WORK TO COMPLETE: The answer must be only the lines below from the one holding "min yin MYL-7240—6B" down to the one holding "國家藥監(jiān)局關(g", ends included, printed exactly; please omit all pictures.

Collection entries
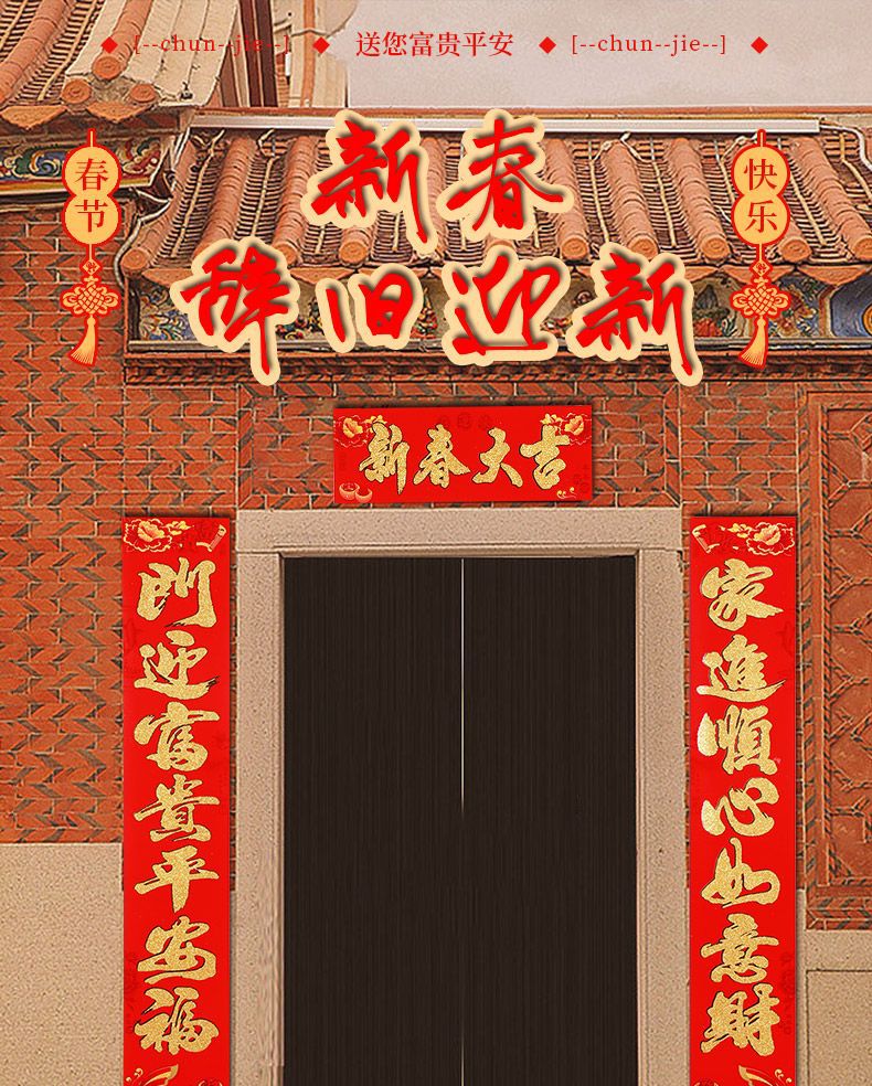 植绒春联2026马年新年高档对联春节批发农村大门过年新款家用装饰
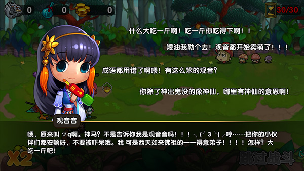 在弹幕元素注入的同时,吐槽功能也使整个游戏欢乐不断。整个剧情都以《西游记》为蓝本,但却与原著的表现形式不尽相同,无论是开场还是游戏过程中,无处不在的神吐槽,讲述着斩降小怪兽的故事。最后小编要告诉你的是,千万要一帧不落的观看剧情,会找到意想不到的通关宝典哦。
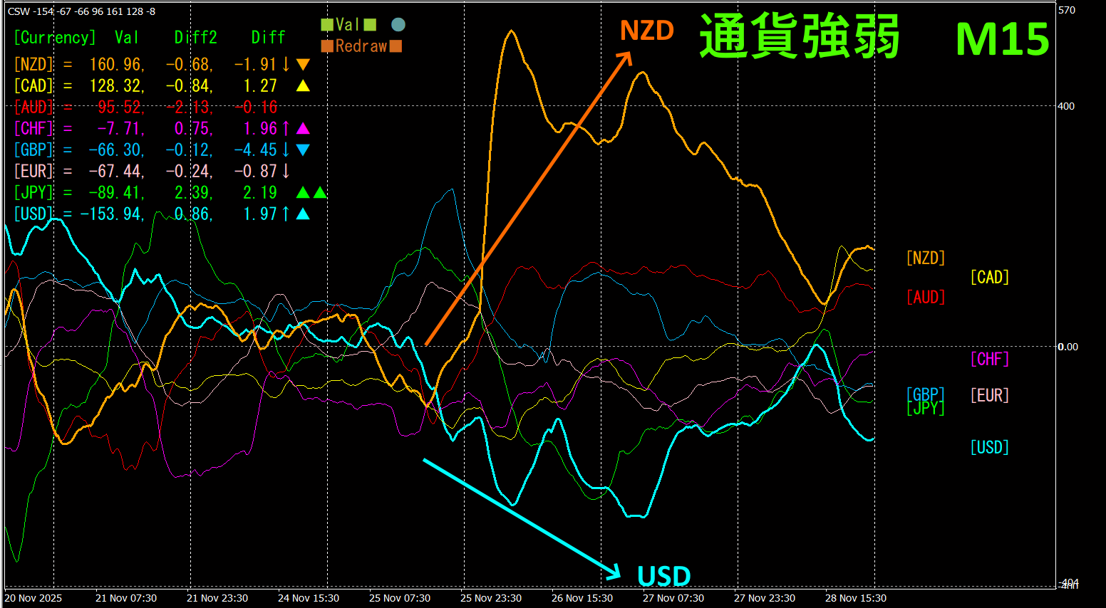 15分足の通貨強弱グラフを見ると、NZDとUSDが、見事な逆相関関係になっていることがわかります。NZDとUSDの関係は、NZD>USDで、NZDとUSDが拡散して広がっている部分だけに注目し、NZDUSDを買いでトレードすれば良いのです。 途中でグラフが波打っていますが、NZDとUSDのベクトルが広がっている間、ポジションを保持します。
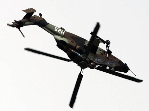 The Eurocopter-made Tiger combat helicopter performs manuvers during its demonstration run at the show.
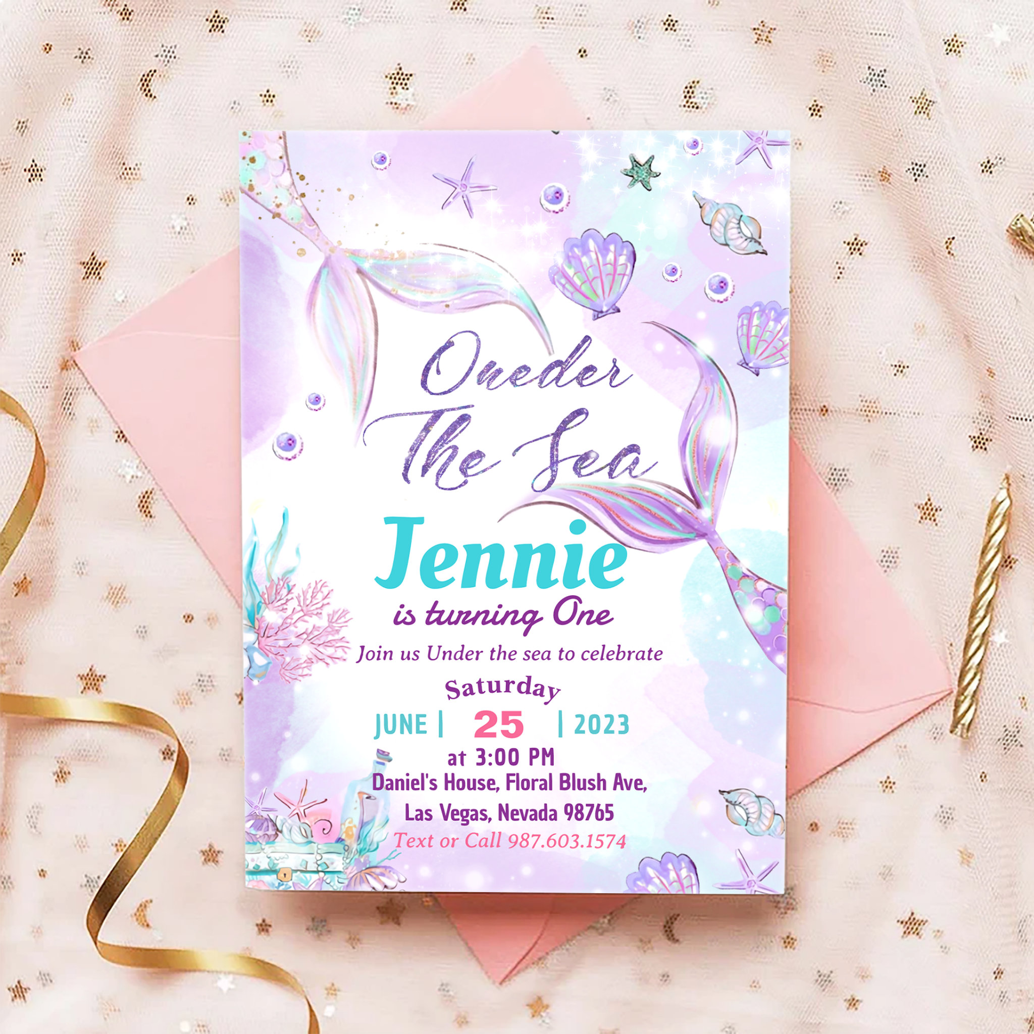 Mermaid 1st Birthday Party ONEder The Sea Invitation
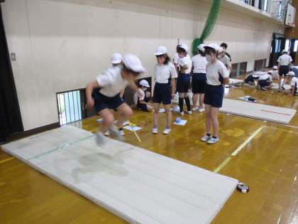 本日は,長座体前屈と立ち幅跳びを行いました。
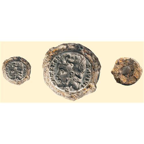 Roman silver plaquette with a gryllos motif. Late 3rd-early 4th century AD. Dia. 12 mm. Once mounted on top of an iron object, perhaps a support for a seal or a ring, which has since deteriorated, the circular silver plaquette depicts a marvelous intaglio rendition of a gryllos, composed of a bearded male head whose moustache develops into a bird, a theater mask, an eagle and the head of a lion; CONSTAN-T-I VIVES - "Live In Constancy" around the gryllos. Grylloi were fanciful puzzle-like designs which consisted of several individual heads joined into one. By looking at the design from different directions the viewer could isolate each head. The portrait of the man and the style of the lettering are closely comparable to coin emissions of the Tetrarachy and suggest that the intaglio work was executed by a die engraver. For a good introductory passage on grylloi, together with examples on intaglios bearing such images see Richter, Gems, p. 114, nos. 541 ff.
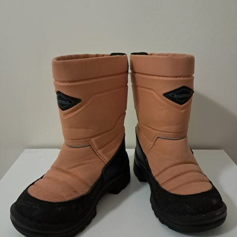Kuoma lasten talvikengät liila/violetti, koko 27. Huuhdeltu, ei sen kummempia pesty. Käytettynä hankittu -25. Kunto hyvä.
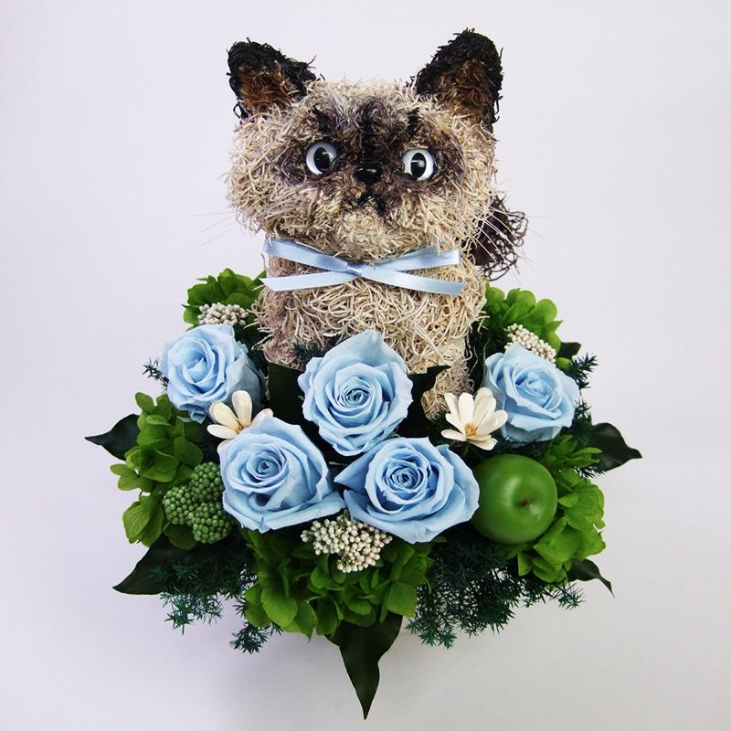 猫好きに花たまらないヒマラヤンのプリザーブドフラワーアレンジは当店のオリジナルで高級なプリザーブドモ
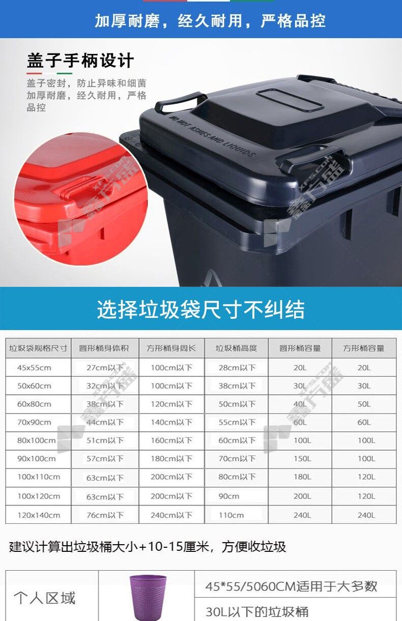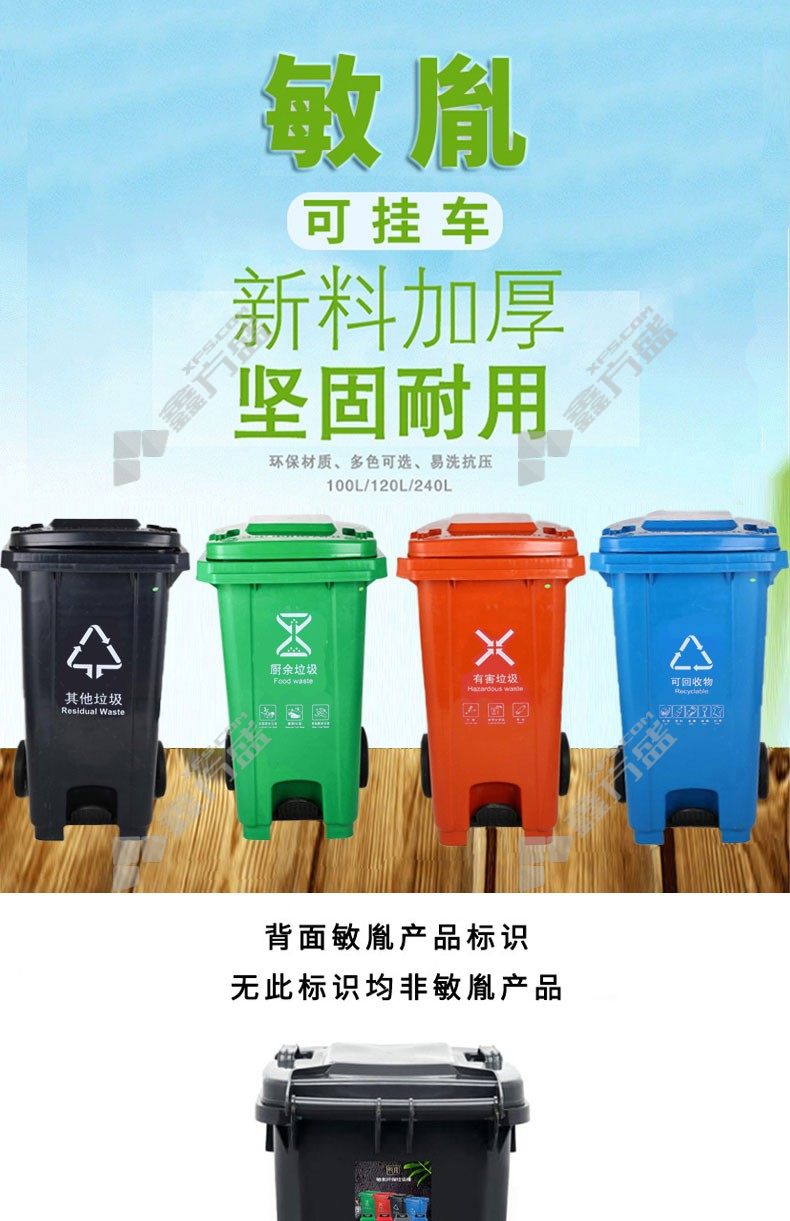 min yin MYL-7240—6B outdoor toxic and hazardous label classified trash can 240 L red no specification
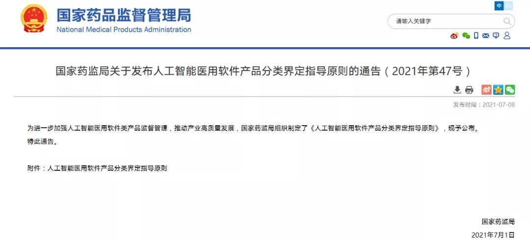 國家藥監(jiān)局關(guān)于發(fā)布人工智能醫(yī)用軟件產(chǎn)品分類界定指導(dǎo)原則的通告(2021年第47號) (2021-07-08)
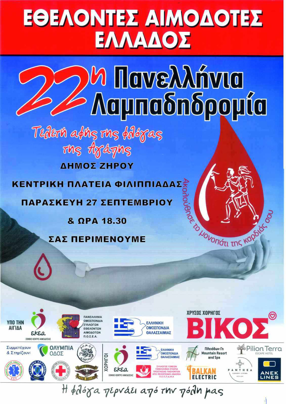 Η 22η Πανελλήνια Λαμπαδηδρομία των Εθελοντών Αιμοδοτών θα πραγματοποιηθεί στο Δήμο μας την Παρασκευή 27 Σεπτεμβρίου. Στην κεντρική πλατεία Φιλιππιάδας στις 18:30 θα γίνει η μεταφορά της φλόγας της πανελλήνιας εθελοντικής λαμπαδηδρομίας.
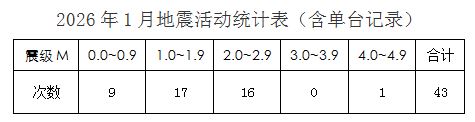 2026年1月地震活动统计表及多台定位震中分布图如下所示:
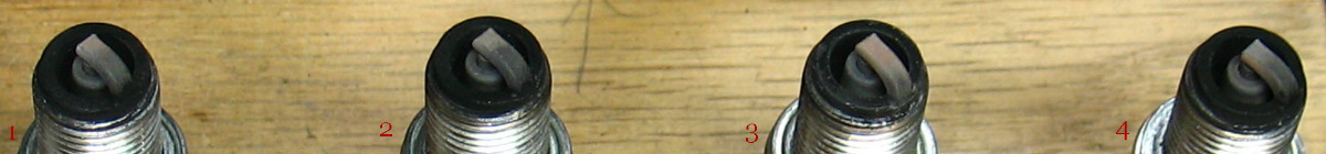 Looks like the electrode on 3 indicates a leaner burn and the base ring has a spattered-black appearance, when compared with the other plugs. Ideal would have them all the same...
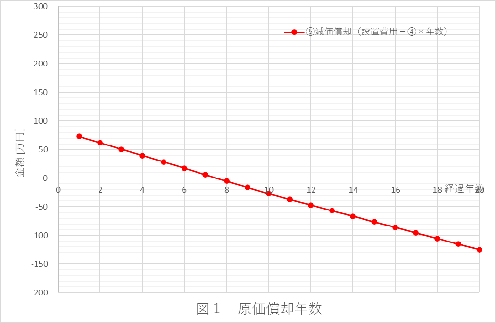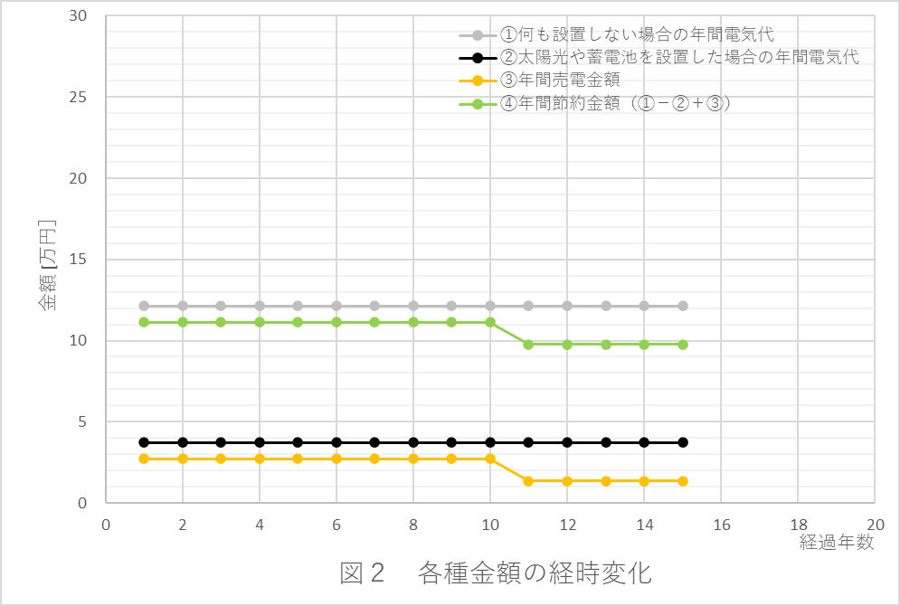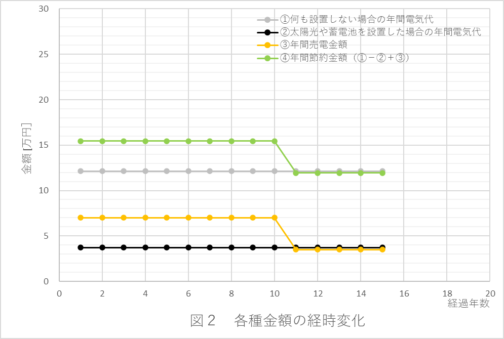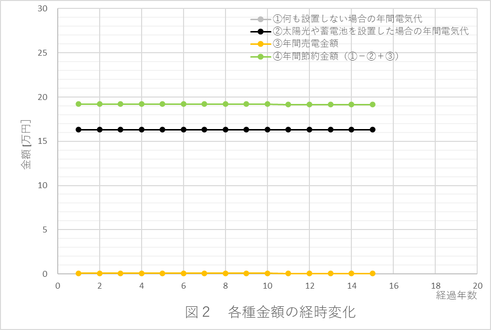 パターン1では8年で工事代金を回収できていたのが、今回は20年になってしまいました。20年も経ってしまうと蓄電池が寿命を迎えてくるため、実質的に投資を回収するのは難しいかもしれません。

WRITTEN REPLY:
 min yin MYL-7240—6B outdoor toxic and hazardous label classified trash can 240 L red no specification
 國家藥監(jiān)局關(guān)于發(fā)布人工智能醫(yī)用軟件產(chǎn)品分類界定指導(dǎo)原則的通告(2021年第47號) (2021-07-08)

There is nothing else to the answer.